05.0133.F http://www.rkw.be/Fr/Documentation/Events/2005/2005%20archives%20Jurisprudence.pdf ) précise qu’en vertu 62, §3, 2° des lois coordonnées relative relatives aux allocations familiales pour travailleurs salariés, un lien de filiation n'est pas nécessaire pour bénéficier des
allocations familiales.

Remarques :
- Pour les travailleurs salariés, voir les lois coordonnées du 1939 relatives aux allocations familiales
pour travailleurs salariés à l'art. 51 a.3 et la loi du 20 juillet 1971.
- Pour les indépendants, voir la loi du 29 mars 1976 relative aux prestations familiales des
travailleurs indépendants et l'Arrêté royal du 8 avril 1976 établissant le régime des prestations
familiales en faveur des travailleurs indépendants.

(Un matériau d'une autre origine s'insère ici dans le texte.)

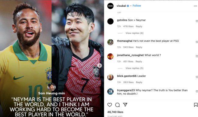 일부 팬들은 "손흥민이 네이마르보다 훨씬 뛰어난 선수다"라고 하거나 "왜 네이마르가 세계 최고의 선수라 말하는 거야? 진실은 당신(손흥민)이 네이마르보다 뛰어나다. 의심할 필요 없어"라고 주장했다.
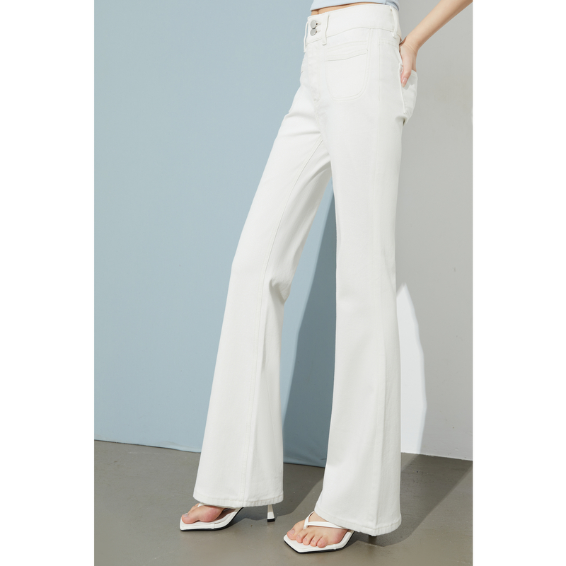 DPLAY2025秋季新款白色牛仔裤女高腰双排扣简约微喇长裤喇叭裤
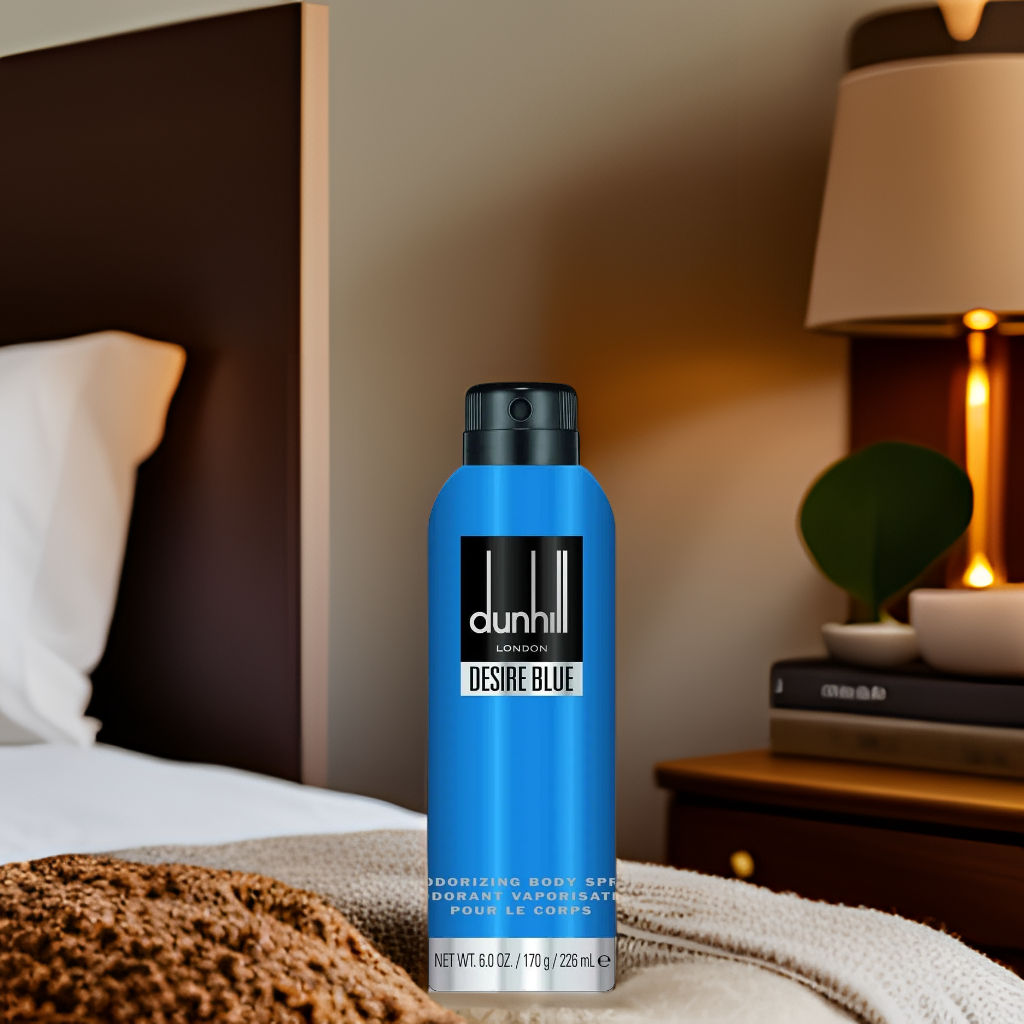 The Dunhill Desire Blue Deodorant Body Spray smells like a fresh ocean breeze mixed with citrus and wood – a crisp scent for the adventurous man.

Dans ce cas les allocations familiales
sont accordées à la même catégorie d'enfants que pour les travailleurs salariés.
- Deux personnes forment un ménage de fait si :

•    elles cohabitent à la même adresse (selon le Registre National ou une autre source officielle),
•    elles ne sont ni parentes ni alliées jusqu’au troisième degré inclus (ex : pas les époux, les parents, les beaux-parents, les enfants, les frères, les demi-sœurs, les grands-parents, les oncles ni les tantes),
•    elles contribuent, chacune, à régler conjointement leurs problèmes ménagers, financièrement ou d’une autre manière.

(Voyez la la loi du 12 août 2000 portant des dispositions sociales, budgétaires et diverses, M.B., 31 août 2000). 

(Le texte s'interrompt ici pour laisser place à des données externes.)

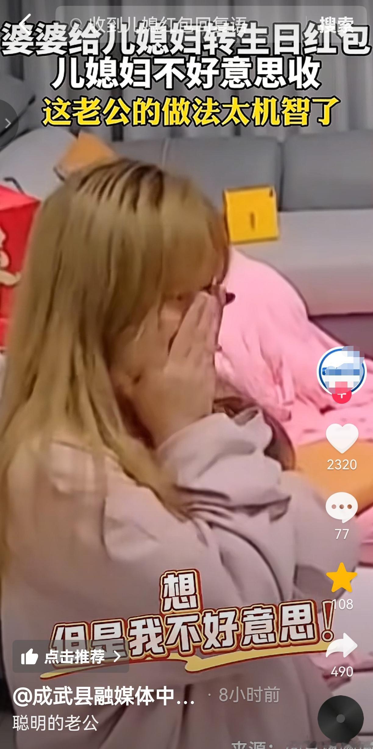 婆婆给儿媳妇发红包,媳妇不好意思收,老公的做法太聪明了,值得学习: 视频里,一
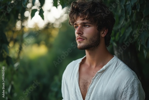 A young handsome man in white linen clothing in nature. A photo of a man with natural beauty in the wild, the aesthetics of high spirituality.
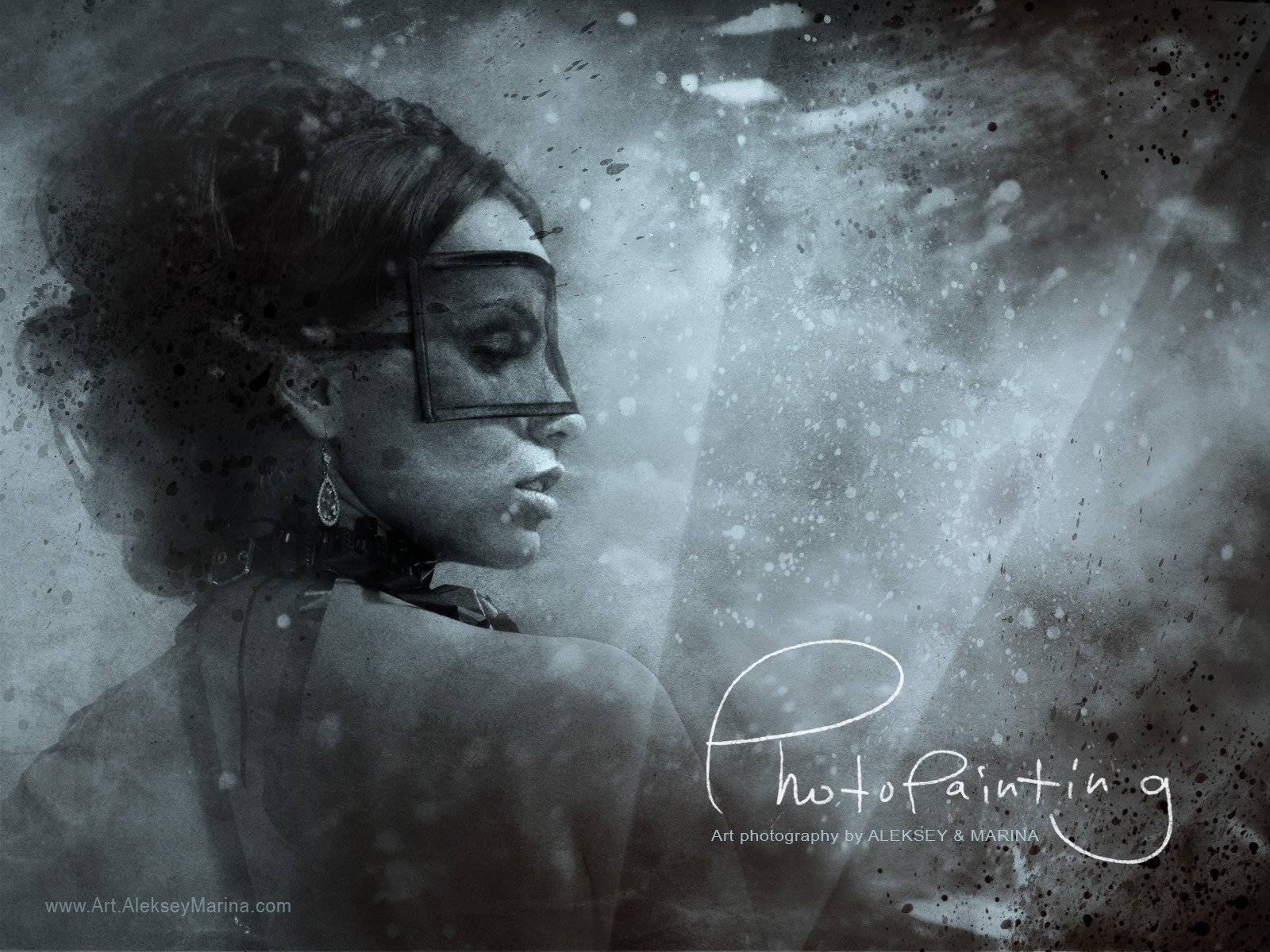 Image surréaliste noir et blanc d'une fille en robe longueImage surréaliste noir et blanc d'une fille en robe longue
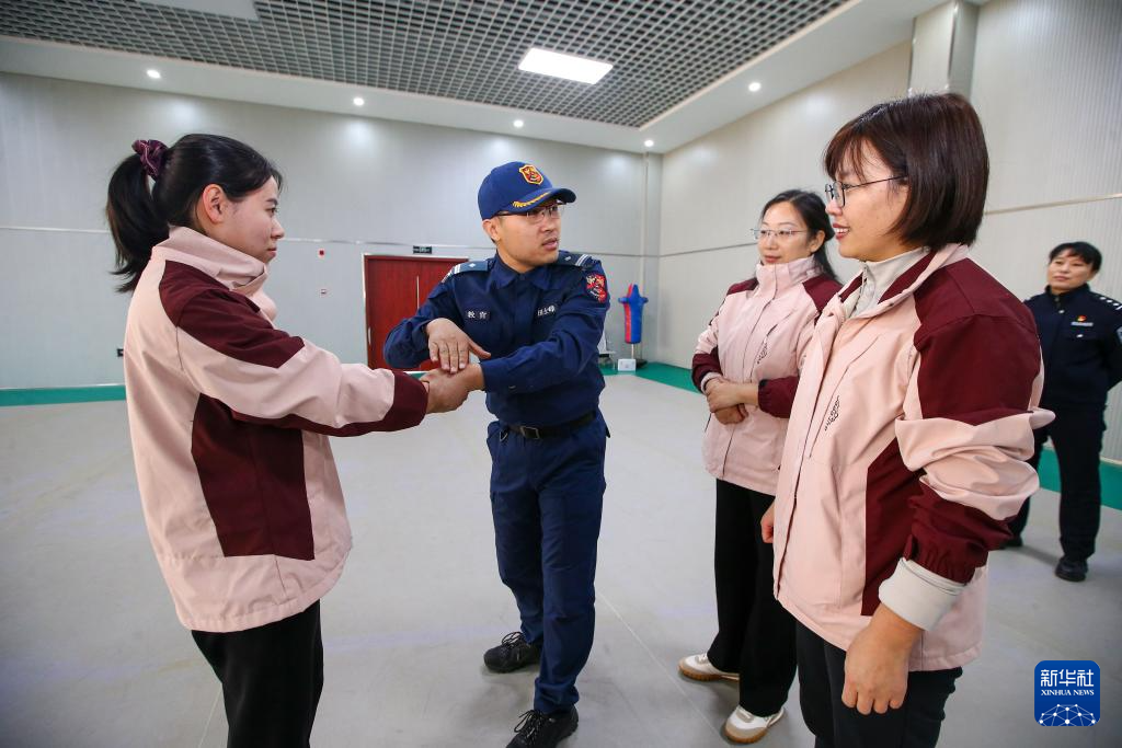 3月6日,在山东省济南市公安局人民警察训练基地,北康社区妇女在民警的指导下学习女子防身术。新华社发(郝鑫城 摄)

18. La kafala peut-elle donner suite à une adoption?

Depuis la nouvelle loi sur l'adoption, toute procédure d’adoption en faveur d’adoptants résidants en Belgique, doit être initiée et encadrée en Belgique. En effet, les futurs adoptants doivent suivre, préalablement à toutes démarches à l’étranger, une préparation à l’adoption et obtenir un jugement belge les déclarant qualifiés et aptes à adopter un enfant. Tout contact préalable avec l’enfant est interdit sauf s’il existe avec celui-ci un lien de famille au sens large.

Cette interdiction de contacts préalables limite fortement les possibilités d’adoption en faveur de la personne qui a pris un enfant en charge (hors lien familial au sens large).  

Par ailleurs, l’adoption d’un enfant résidant dans un Etat qui ne connaît pas de l’adoption (tel le Maroc), peut être prononcée en Belgique mais sous certaines conditions particulières dont celle notamment que l’enfant doit être orphelin de père et de mère ou avoir été abandonné et placé sous la tutelle de l'autorité publique (art. 361-5 C.civ.).

Toutefois, lors de la modification de la loi sur l’adoption, de mesures transitoires ont été prises concernant la situation des enfants placés sous kafala avant le 26 décembre 2005 (date de l’entrée en vigueur de la loi du 6 décembre 2005 insérant l’article 365-1 C.civ.).  L’adoption en Belgique d’enfant confiée en kafala avant cette date sera facilitée, sous certaines conditions pouvant variées si la kafala a été prononcée avant le 1er septembre 2005 ou entre le 1er septembre 2005 et le 26 décembre 2005.

Dés lors, la personne qui souhaite adopter un enfant résidant au Maroc est tenue de prendre contacts avec les autorités belges compétentes en matière d’adoption avant d’entamer toute démarche relative à une kafala au Maroc.

Pour plus d’informations sur les autorités belges compétentes en matière d’adoption et sur les différentes conditions imposées en vue d’une adoption d’un enfant résidant au Maroc, voyez la Fiche pratique « Adoption », la Question « Est-il possible d’adopter un enfant qui réside dans un pays qui ne connaît pas de l’adoption ? ».

Bases légales


- Loi n°15-01 du 13 juin 2002 relative à la prise en charge (kafala) des enfants abandonnés, Dahi n°1.02.172 du 1er rebia II 1423, Bulletin Officiel n° 5036 du Dimanche 15 Septembre 2002.
- Décret n°2-03-600 du 18 rabii II 1425 du 7 juin 2004 portant application de l’article 16 de la loi n°15-01 relative à la prise en charge des enfants abandonnés.